This repository provides a minimal Open-EnergyMesh scaffold focused on an offline-first, distributed microgrid orchestration flow. It implements a small in-memory data model (Device, Inverter, Meter, DER, PriceQuote, Forecast) and a lightweight EnergyMesh orchestrator with a simple energy-flow calculation. It also includes a placeholder ADMM-like solver to demonstrate how a compositional optimization layer can be integrated on top of the runtime.
What you get in this MVP:
- Core data model for energy devices and components
- Basic energy-flow computation: generation minus consumption
- A lightweight ADMM-lite adapter surface (solver_admm.js)

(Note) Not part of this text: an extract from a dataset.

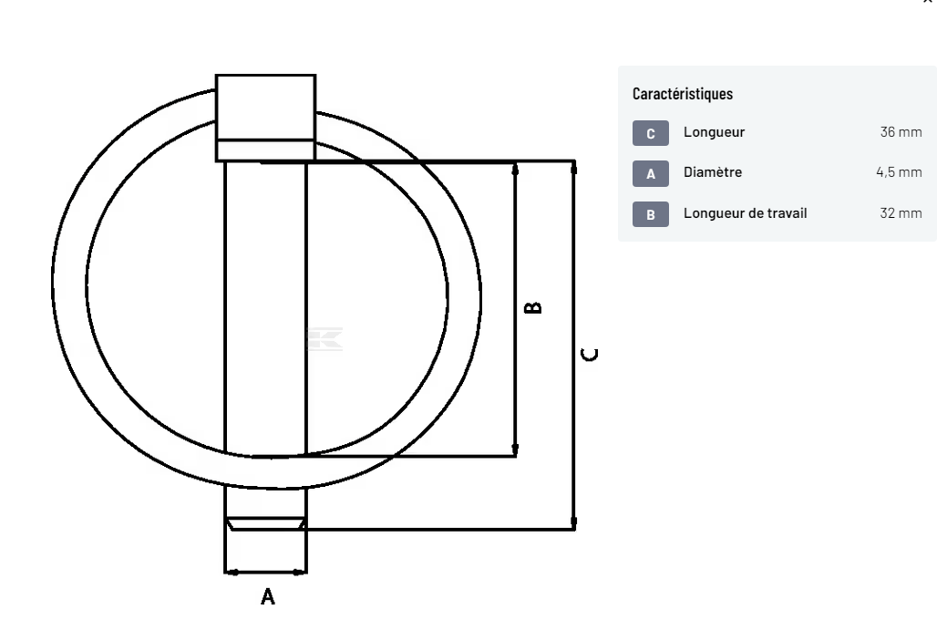 𝐂 : 𝐋𝐨𝐧𝐠𝐮𝐞𝐮𝐫 : 36 mm 𝐀 : 𝐃𝐢𝐚𝐦𝐞̀𝐭𝐫𝐞 : 4.5 mm 𝐋𝐨𝐧𝐠𝐮𝐞𝐮𝐫 𝐭𝐨𝐭𝐚𝐥𝐞 : 42.5 mm 𝐁 : 𝐋𝐨𝐧𝐠𝐮𝐞𝐮𝐫 𝐝𝐞 𝐭𝐫𝐚𝐯𝐚𝐢𝐥 : 32 mm 𝐃𝐢𝐚𝐦𝐞̀𝐭𝐫𝐞 𝐝𝐞 𝐭𝐞̂𝐭𝐞 : 8 mm 𝐌𝐚𝐭𝐞́𝐫𝐢𝐚𝐮 : Acier 𝐓𝐫𝐚𝐢𝐭𝐞𝐦𝐞𝐧𝐭 𝐝𝐞 𝐬𝐮𝐫𝐟𝐚𝐜𝐞 : Zingué 𝐍𝐨𝐦𝐛𝐫𝐞 𝐝𝐞 𝐩𝐢𝐞̀𝐜𝐞 𝐝𝐚𝐧𝐬 𝐥'𝐞𝐦𝐛𝐚𝐥𝐥𝐚𝐠𝐞 𝐮𝐬𝐢𝐧𝐞 : 6

- Delta-sync helper and an API surface to apply per-device deltas
- Simple tests that exercise computeFlow, delta-sync, and ADMM integration
- Lightweight, well-scoped scaffolding suitable for MVP testing and iteration
Usage
- Install dependencies: npm install
- Run tests: npm test
- The repository exports Open-EnergyMesh primitives via src/mesh.js for extension.
Notes
- This MVP emphasizes offline resilience and a clean path toward modular optimization layers.
- See src/mesh.js and src/solver_admm.js for the basic in-memory implementation and the ADMM scaffold.
Roadmap (high level)
- Finalize a 0.2 core protocol and two starter adapters
- Implement an ADMM-lite local solver with offline/partially-connected rounds (delta-sync)
- Add privacy-preserving options and governance hooks
- Provide a small reference adapter SDK and HIL testbed
License: MIT
This project is designed to be extended incrementally. See AGENTS.md for architectural rules and contribution guidelines.
Commit messages follow a concise rationale-focused style suitable for collaborative reviews.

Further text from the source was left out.